Smallpox vaccine: Whatever happened to primum non nocere?

This morning's LA Times describes the sad case of Cory Belken, a 20 year old marine, who in January was given the smallpox vaccine while having undiagnosed acute leukemia. Two weeks after vaccination the diagnosis of leukemia was made and he underwent induction chemotherapy. Approximately 1 month later, he developed progressive vaccinia (details of his case along with photos have been published in the MMWR). Treating his progressive vaccinia has required nearly 300 vials of vaccinia immune globulin (a dosage that would typically treat 30 patients).

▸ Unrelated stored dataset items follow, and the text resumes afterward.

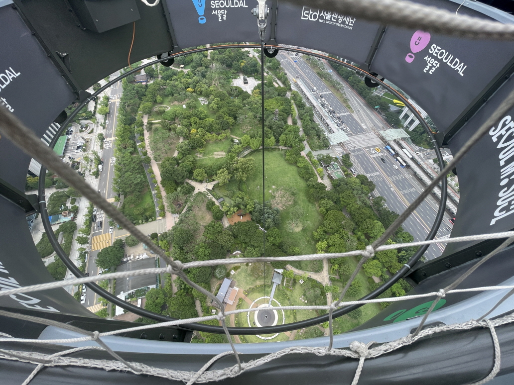 서울달의 비행높이는 130m입니다. 개인마다 느끼는 높이는 다르지만 고소공포증이 있다면 조심해야 하고요. 40층 건물 옥상에서 내려다보는 높이와 비슷해요. 아이들도 타고, 재미있다고 할 정도입니다. 무섭다고 생각하면 무섭고, ‘별거 아니야’라고 생각하면 재미있습니다. 생각하기 나름이에요. 45층 고층아파트 살면서 이거 타면 무섭다고 하는 사람도 있거든요. 대략 옆에 보이는 한화손해보험 건물 높이와 비슷하다고 생각하면 됩니다.
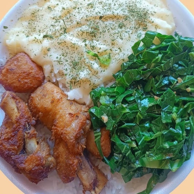Arroz branco soltinho, feijão carioca, purê de batata, couve refogado e nosso Delicioso frango a passarinho frito.
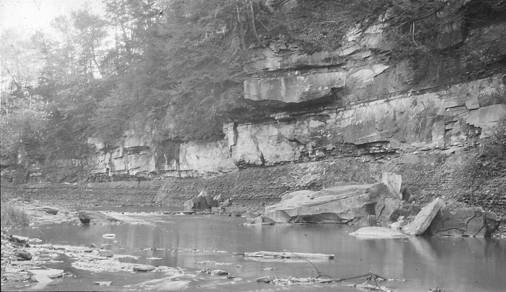 Along the Aurora Branch of the Chagrin River, thick layers of Berea grit can be found sitting on top of Bedford shale. The rugged landscape surely provided a scenic backdrop for Griffithsburg, but also limited accessibility to the town. Picture above is near Squaw Rock in the Cleveland Metroparks South Chagrin Reservation. | Source: Courtesy of The Jesse Earl Hyde Collection, Case Western Reserve University Department of Geological SciencesDownload Original File
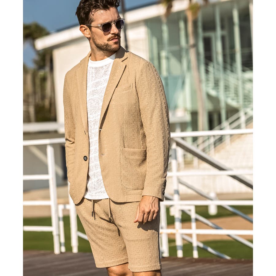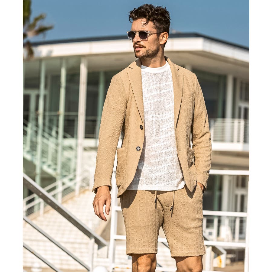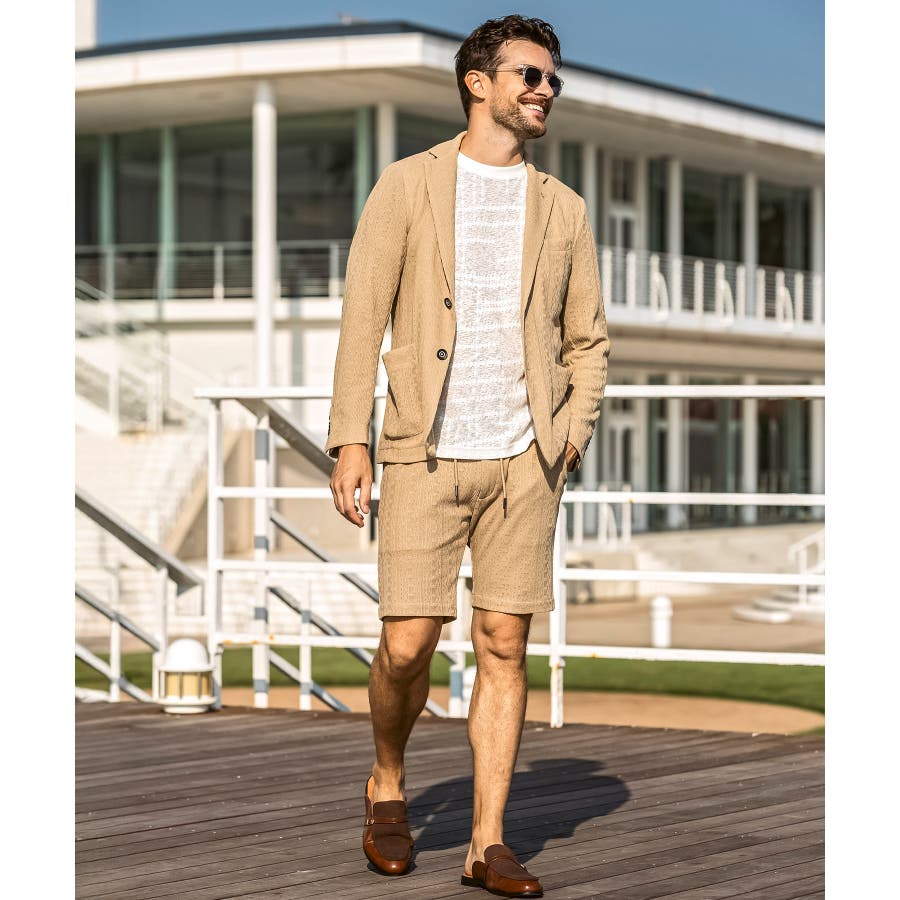 同生地のダブルジャケットやシングルジャケットと合わせれば、上質なセットアップスタイルに。

A military physician describes Lance Cpl. Belken as a victim of bad timing. Actually the young marine is a victim of bad policy. The last naturally occurring case of smallpox occurred over 30 years ago, and smallpox is the only infectious disease to have been eradicated. Because of fears that the virus could be used as an agent of bioterror, vaccination resumed in 2002 in the military. A campaign to vaccinate 400,000 civilians failed miserably, achieving 10% of its target. Our hospital was the first to refuse to vaccinate healthcare workers because we felt the live virus vaccine was too dangerous for our healthcare workers and because of the concern that a healthcare worker could potentially transmit the vaccine infection to a patient.

As of October 30, 2004, 822 adverse events associated with smallpox vaccination were reported. This resulted in 85 hospitalizations, 2 permanent disabilities, 10 life threatening illnesses and 3 deaths. And as the LA Times article demonstrates, the adverse events continue to occur.

Smallpox vaccine is the most dangerous vaccine in use today. Given the lack of any cases of smallpox anywhere in the world for the last 3 decades, the risks of this vaccine simply can't be justified.